**Your goal:** An exact restatement of all the data is required, with the pictures left out.

**Data segment:**
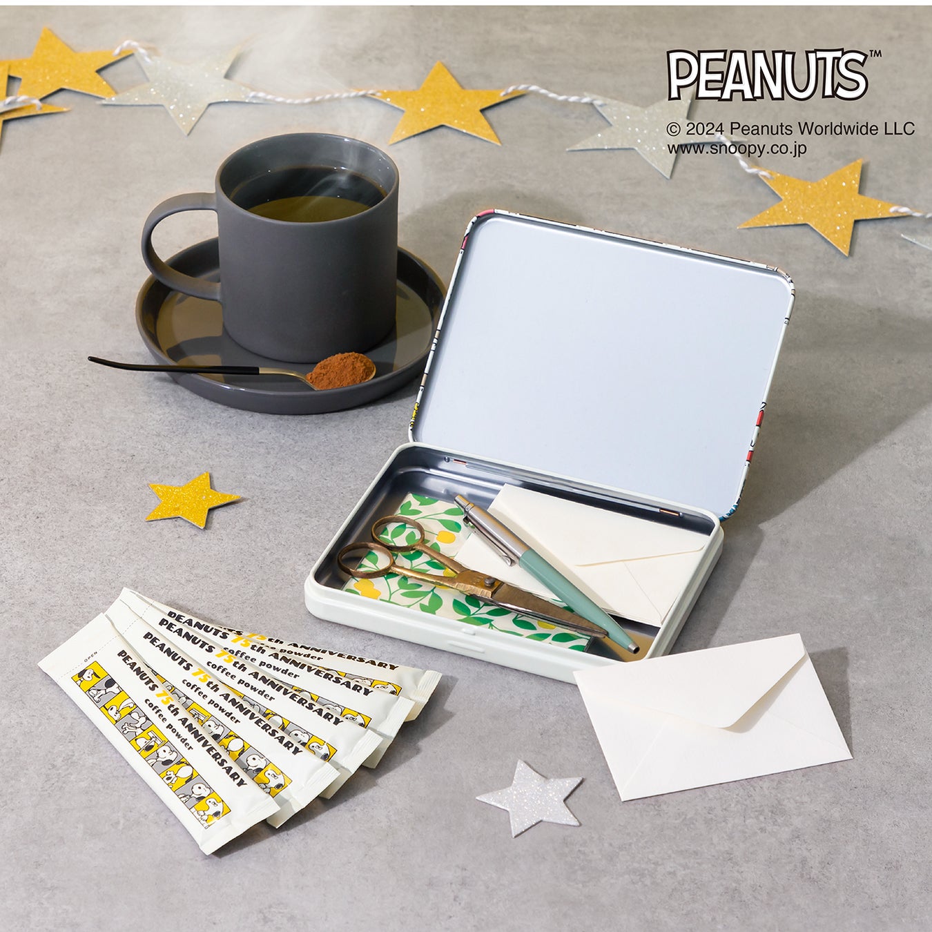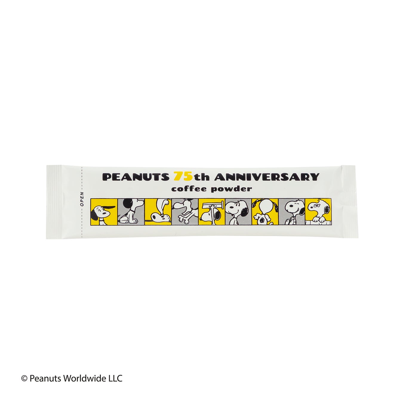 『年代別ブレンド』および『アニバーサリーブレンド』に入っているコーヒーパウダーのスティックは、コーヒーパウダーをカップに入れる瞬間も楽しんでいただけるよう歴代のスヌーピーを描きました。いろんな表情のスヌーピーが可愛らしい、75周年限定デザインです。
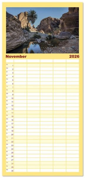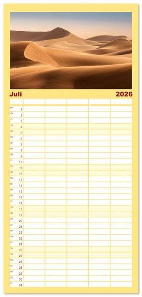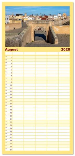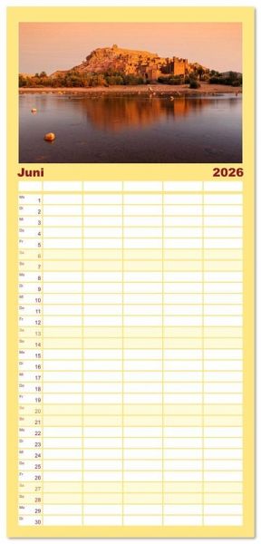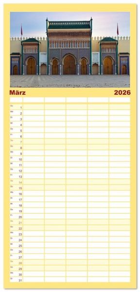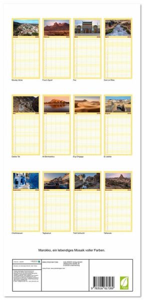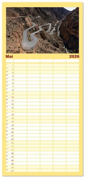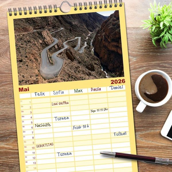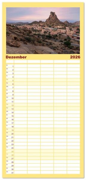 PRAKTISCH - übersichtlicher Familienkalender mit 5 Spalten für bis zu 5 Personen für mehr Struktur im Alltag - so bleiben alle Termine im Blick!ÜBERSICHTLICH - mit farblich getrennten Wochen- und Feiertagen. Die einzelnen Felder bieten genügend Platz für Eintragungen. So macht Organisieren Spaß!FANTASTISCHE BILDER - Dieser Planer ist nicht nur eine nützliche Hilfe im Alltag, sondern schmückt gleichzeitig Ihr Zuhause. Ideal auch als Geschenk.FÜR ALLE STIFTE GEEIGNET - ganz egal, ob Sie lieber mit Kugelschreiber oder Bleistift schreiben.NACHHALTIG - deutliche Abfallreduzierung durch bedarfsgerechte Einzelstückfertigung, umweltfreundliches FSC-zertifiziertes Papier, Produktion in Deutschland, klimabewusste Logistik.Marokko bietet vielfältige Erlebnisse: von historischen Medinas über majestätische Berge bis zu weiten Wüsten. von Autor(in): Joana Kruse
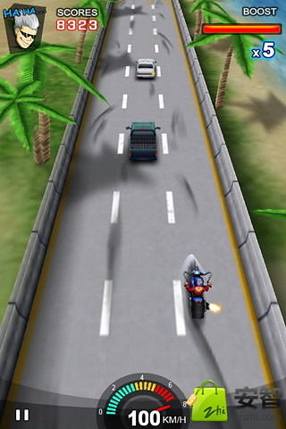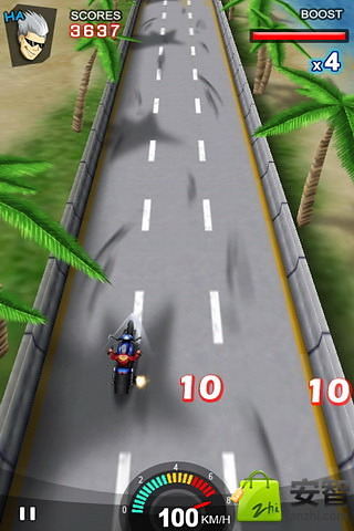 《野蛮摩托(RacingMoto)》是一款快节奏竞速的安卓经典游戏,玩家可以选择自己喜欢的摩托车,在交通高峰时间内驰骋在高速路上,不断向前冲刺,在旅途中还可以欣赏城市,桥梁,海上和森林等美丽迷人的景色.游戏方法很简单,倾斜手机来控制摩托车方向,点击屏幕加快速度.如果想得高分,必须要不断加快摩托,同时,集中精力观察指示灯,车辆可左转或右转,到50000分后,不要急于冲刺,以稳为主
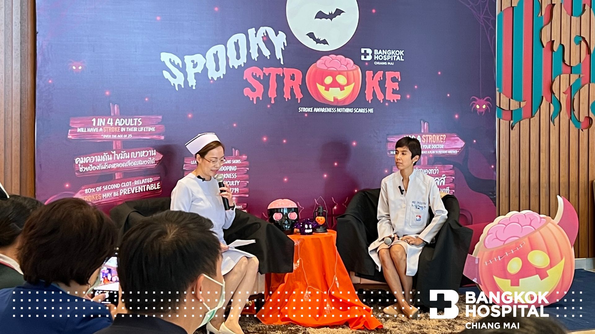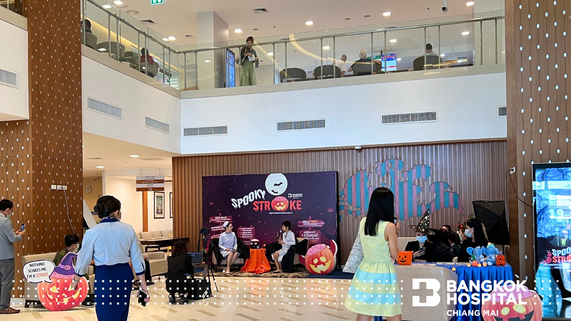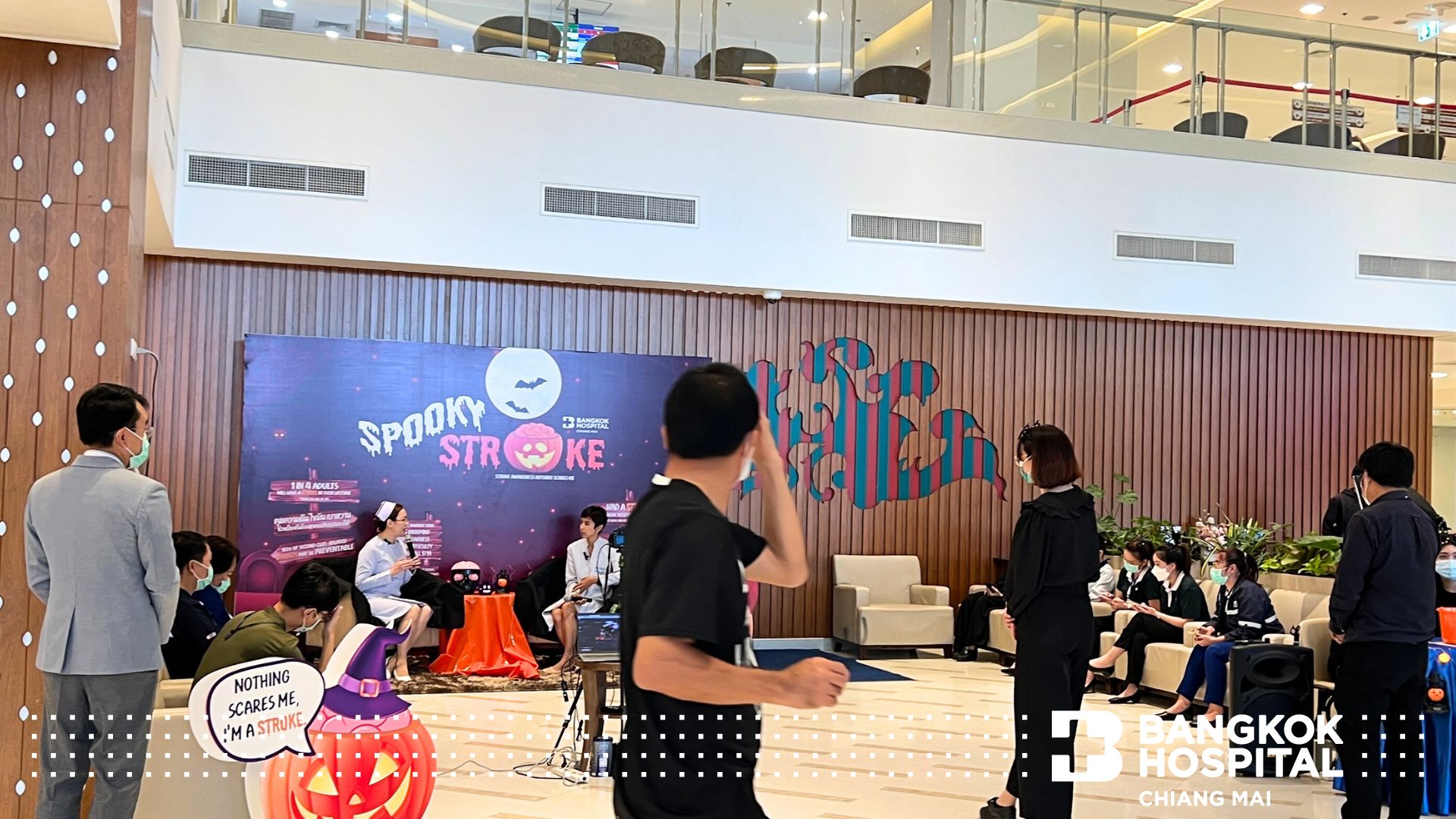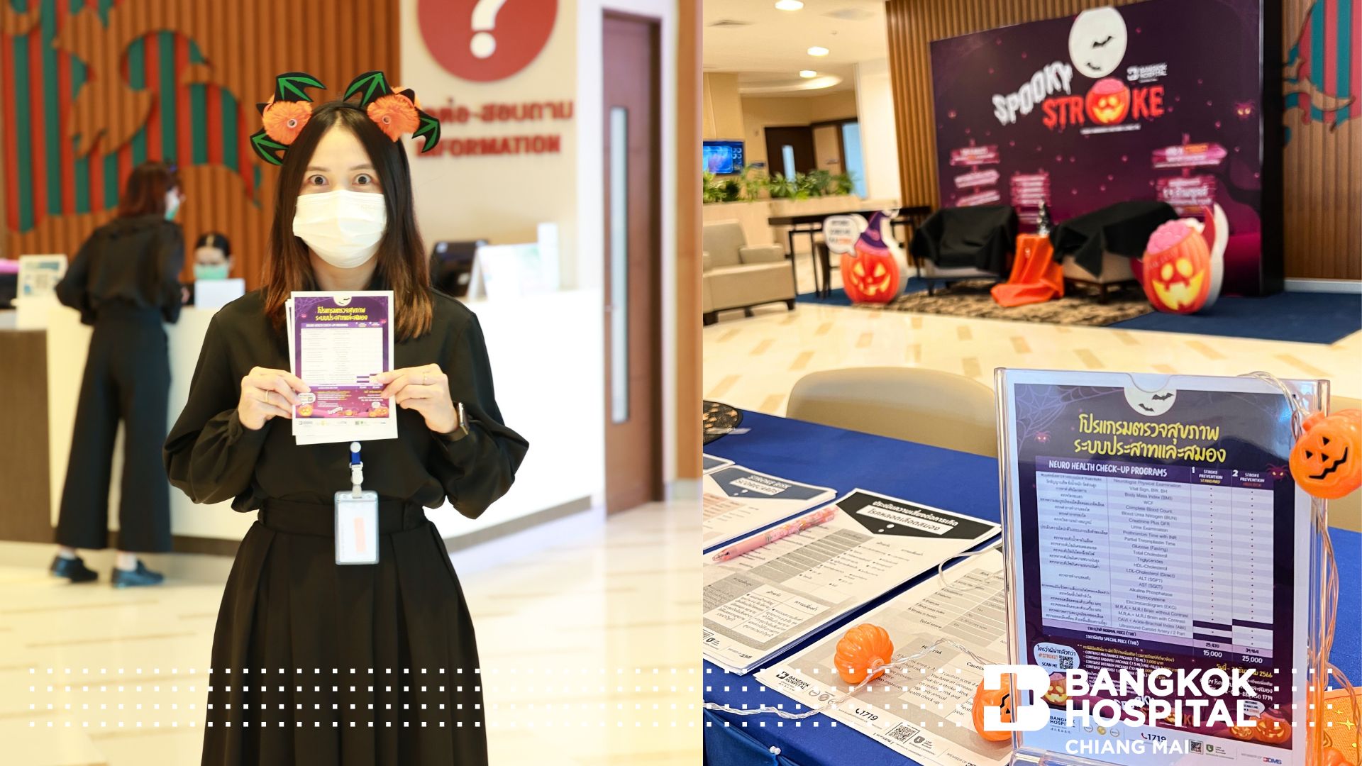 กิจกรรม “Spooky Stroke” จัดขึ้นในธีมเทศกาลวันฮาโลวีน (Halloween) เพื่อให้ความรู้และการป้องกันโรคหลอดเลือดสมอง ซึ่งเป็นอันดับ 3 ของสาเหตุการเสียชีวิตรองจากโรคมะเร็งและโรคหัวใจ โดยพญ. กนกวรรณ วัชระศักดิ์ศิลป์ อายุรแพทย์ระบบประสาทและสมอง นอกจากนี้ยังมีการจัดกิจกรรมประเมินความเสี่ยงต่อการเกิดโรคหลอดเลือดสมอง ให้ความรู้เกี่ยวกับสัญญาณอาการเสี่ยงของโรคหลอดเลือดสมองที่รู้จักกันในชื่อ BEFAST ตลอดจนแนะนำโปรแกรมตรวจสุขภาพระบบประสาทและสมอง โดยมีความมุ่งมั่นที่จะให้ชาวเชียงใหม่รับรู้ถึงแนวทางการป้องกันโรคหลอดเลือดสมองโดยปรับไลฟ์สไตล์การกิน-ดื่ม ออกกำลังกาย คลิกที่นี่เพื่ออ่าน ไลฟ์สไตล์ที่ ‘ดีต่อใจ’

**Task solution:**
 『年代別ブレンド』および『アニバーサリーブレンド』に入っているコーヒーパウダーのスティックは、コーヒーパウダーをカップに入れる瞬間も楽しんでいただけるよう歴代のスヌーピーを描きました。いろんな表情のスヌーピーが可愛らしい、75周年限定デザインです。
 PRAKTISCH - übersichtlicher Familienkalender mit 5 Spalten für bis zu 5 Personen für mehr Struktur im Alltag - so bleiben alle Termine im Blick!ÜBERSICHTLICH - mit farblich getrennten Wochen- und Feiertagen. Die einzelnen Felder bieten genügend Platz für Eintragungen. So macht Organisieren Spaß!FANTASTISCHE BILDER - Dieser Planer ist nicht nur eine nützliche Hilfe im Alltag, sondern schmückt gleichzeitig Ihr Zuhause. Ideal auch als Geschenk.FÜR ALLE STIFTE GEEIGNET - ganz egal, ob Sie lieber mit Kugelschreiber oder Bleistift schreiben.NACHHALTIG - deutliche Abfallreduzierung durch bedarfsgerechte Einzelstückfertigung, umweltfreundliches FSC-zertifiziertes Papier, Produktion in Deutschland, klimabewusste Logistik.Marokko bietet vielfältige Erlebnisse: von historischen Medinas über majestätische Berge bis zu weiten Wüsten. von Autor(in): Joana Kruse
 《野蛮摩托(RacingMoto)》是一款快节奏竞速的安卓经典游戏,玩家可以选择自己喜欢的摩托车,在交通高峰时间内驰骋在高速路上,不断向前冲刺,在旅途中还可以欣赏城市,桥梁,海上和森林等美丽迷人的景色.游戏方法很简单,倾斜手机来控制摩托车方向,点击屏幕加快速度.如果想得高分,必须要不断加快摩托,同时,集中精力观察指示灯,车辆可左转或右转,到50000分后,不要急于冲刺,以稳为主
 กิจกรรม “Spooky Stroke” จัดขึ้นในธีมเทศกาลวันฮาโลวีน (Halloween) เพื่อให้ความรู้และการป้องกันโรคหลอดเลือดสมอง ซึ่งเป็นอันดับ 3 ของสาเหตุการเสียชีวิตรองจากโรคมะเร็งและโรคหัวใจ โดยพญ. กนกวรรณ วัชระศักดิ์ศิลป์ อายุรแพทย์ระบบประสาทและสมอง นอกจากนี้ยังมีการจัดกิจกรรมประเมินความเสี่ยงต่อการเกิดโรคหลอดเลือดสมอง ให้ความรู้เกี่ยวกับสัญญาณอาการเสี่ยงของโรคหลอดเลือดสมองที่รู้จักกันในชื่อ BEFAST ตลอดจนแนะนำโปรแกรมตรวจสุขภาพระบบประสาทและสมอง โดยมีความมุ่งมั่นที่จะให้ชาวเชียงใหม่รับรู้ถึงแนวทางการป้องกันโรคหลอดเลือดสมองโดยปรับไลฟ์สไตล์การกิน-ดื่ม ออกกำลังกาย คลิกที่นี่เพื่ออ่าน ไลฟ์สไตล์ที่ ‘ดีต่อใจ’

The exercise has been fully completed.